Your goal » Apart from the images, reproduce all of the data word for word.

Records from a data collection »
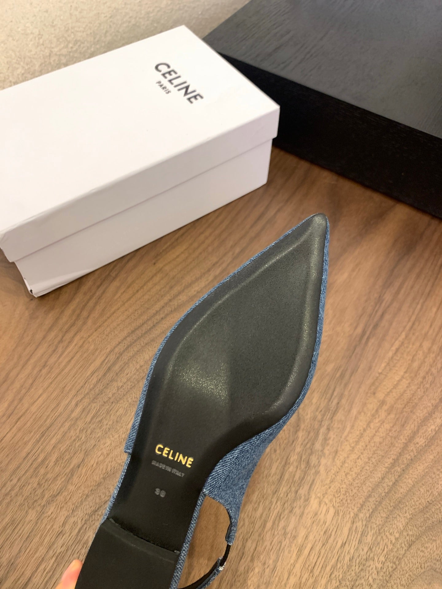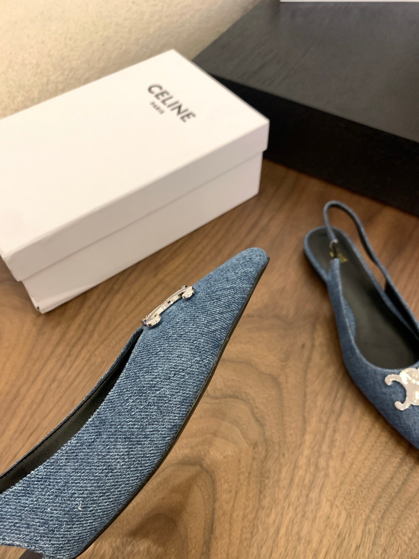 CL Alma Triomphe Slingback Flat In Blue Denim 318795
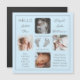 Crie um anúncio de nascimento que seja tão único como o seu filho precioso com este design de 4 fotos "Olá, Pequeno Um" com o nome do seu bebê, estatísticas de natalidade, nomes de pais e irmãos. No centro estão duas linhas de modelo para sua mensagem pessoal ou você pode usar a nossa. Esta mensagem está na parte superior e inferior das pegadas opcionais do seu filho (adicione separadamente à esquerda e à direita). Todas as cores de texto e fundo podem ser modificadas conforme desejado. Mostrado aqui em azul. Design por Holiday Hearts Designs (direitos reservados) com fotos de marcador de posição modelo através de Unsplash.
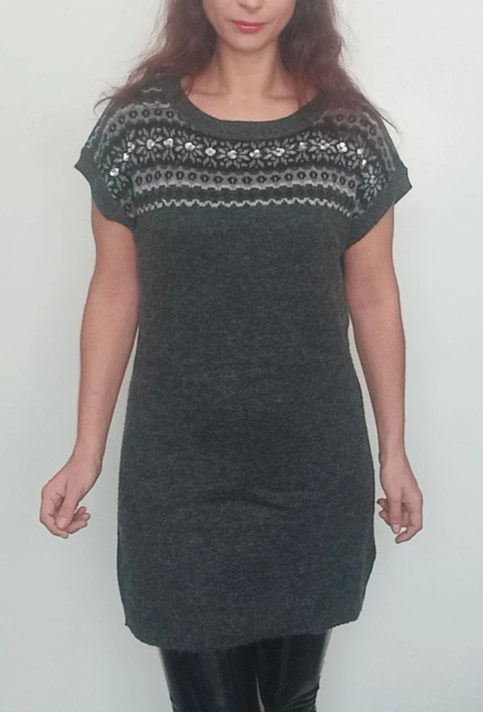 Robe pull hiver manches courtes grise taille 40 - photo numéro 1
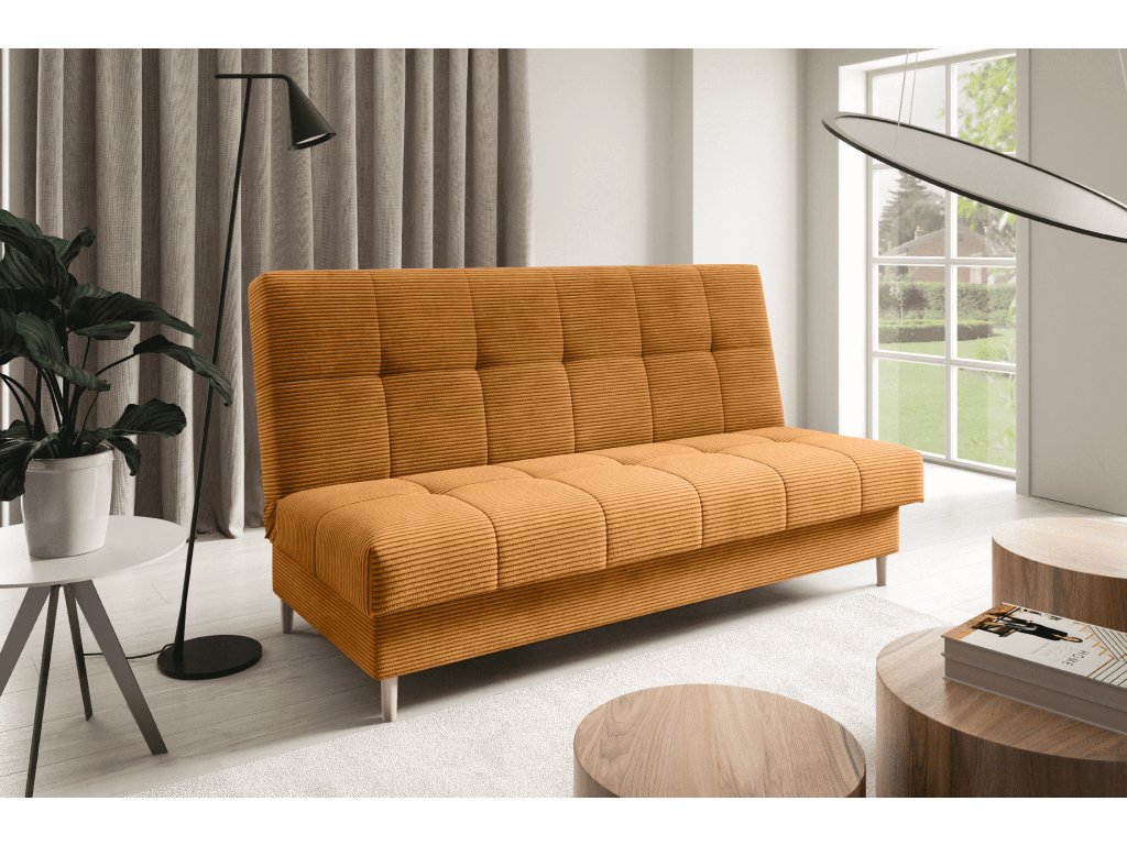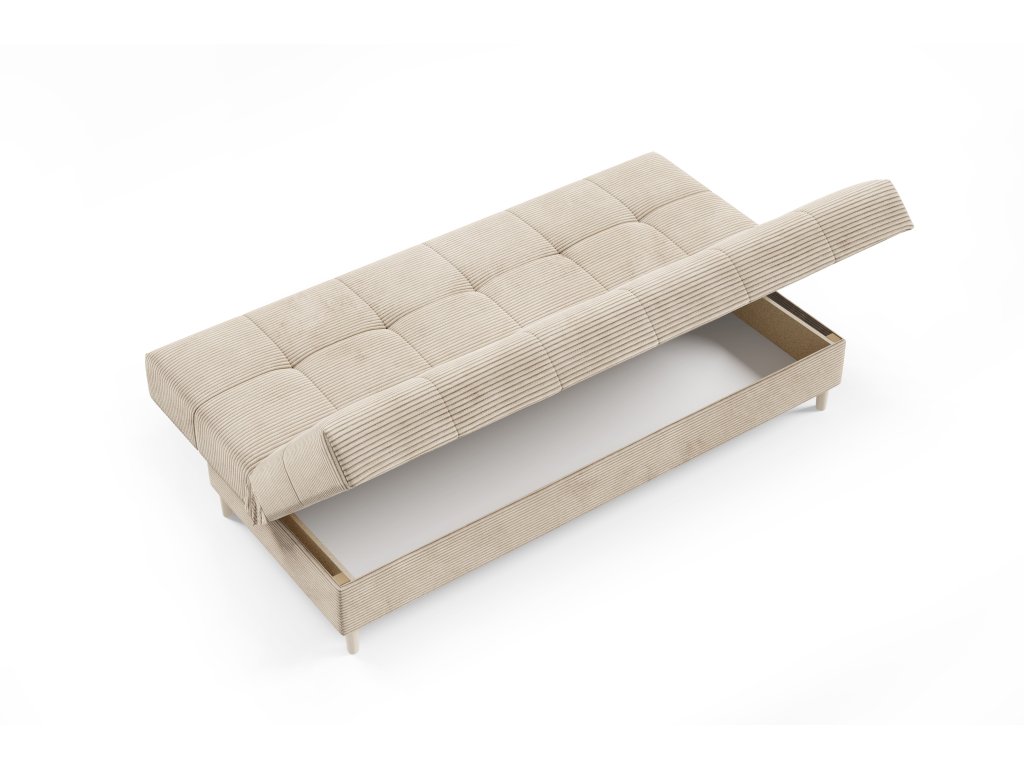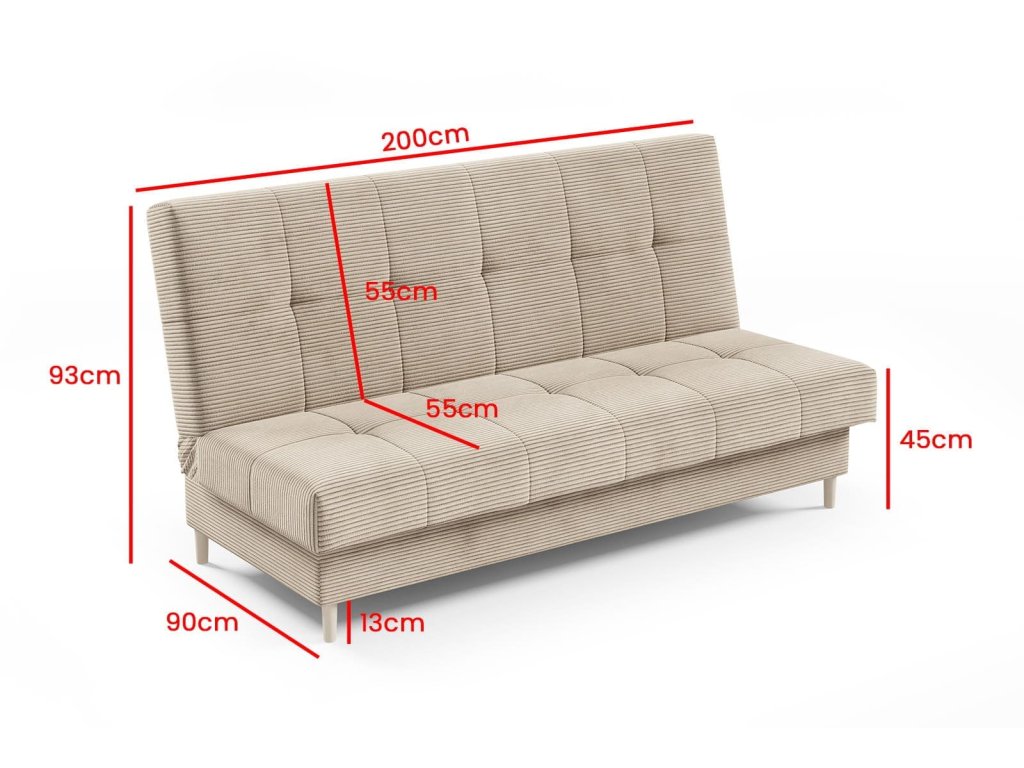 Hledáte praktickou sedačku do vašeho pokoje, nebo kanceláře? Tato praktická čalouněná pohovka s prošíváním, která má malý úložný prostor na lůžkoviny a spací plochu pro jednu osobu o rozměru 200x110 cm je ideální volba.
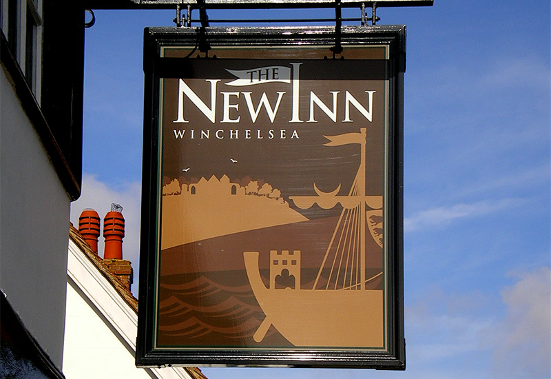 Its main pub, the New Inn, is so named to commemorate the new pub in the new town built in 1288. It was first licensed in the 18th century when it was a coaching inn on the road from Hastings to Rye. It was rebuilt in 1722 and its recent sign depicted a section of the street plan. However, this historically themed sign has recently been replaced with another.
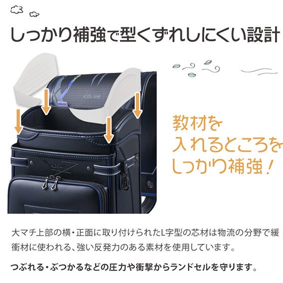 教材を入れる大きなマチの上部には、「パワフルガード」と呼ばれるL字型の芯材が入っています。その素材は物流業界で緩衝材として使用される丈夫なもので、潰れたりぶつかったりする衝撃からランドセルを守ってくれます。

Your response »
 CL Alma Triomphe Slingback Flat In Blue Denim 318795
 Crie um anúncio de nascimento que seja tão único como o seu filho precioso com este design de 4 fotos "Olá, Pequeno Um" com o nome do seu bebê, estatísticas de natalidade, nomes de pais e irmãos. No centro estão duas linhas de modelo para sua mensagem pessoal ou você pode usar a nossa. Esta mensagem está na parte superior e inferior das pegadas opcionais do seu filho (adicione separadamente à esquerda e à direita). Todas as cores de texto e fundo podem ser modificadas conforme desejado. Mostrado aqui em azul. Design por Holiday Hearts Designs (direitos reservados) com fotos de marcador de posição modelo através de Unsplash.
 Robe pull hiver manches courtes grise taille 40 - photo numéro 1
 Hledáte praktickou sedačku do vašeho pokoje, nebo kanceláře? Tato praktická čalouněná pohovka s prošíváním, která má malý úložný prostor na lůžkoviny a spací plochu pro jednu osobu o rozměru 200x110 cm je ideální volba.
 Its main pub, the New Inn, is so named to commemorate the new pub in the new town built in 1288. It was first licensed in the 18th century when it was a coaching inn on the road from Hastings to Rye. It was rebuilt in 1722 and its recent sign depicted a section of the street plan. However, this historically themed sign has recently been replaced with another.
 教材を入れる大きなマチの上部には、「パワフルガード」と呼ばれるL字型の芯材が入っています。その素材は物流業界で緩衝材として使用される丈夫なもので、潰れたりぶつかったりする衝撃からランドセルを守ってくれます。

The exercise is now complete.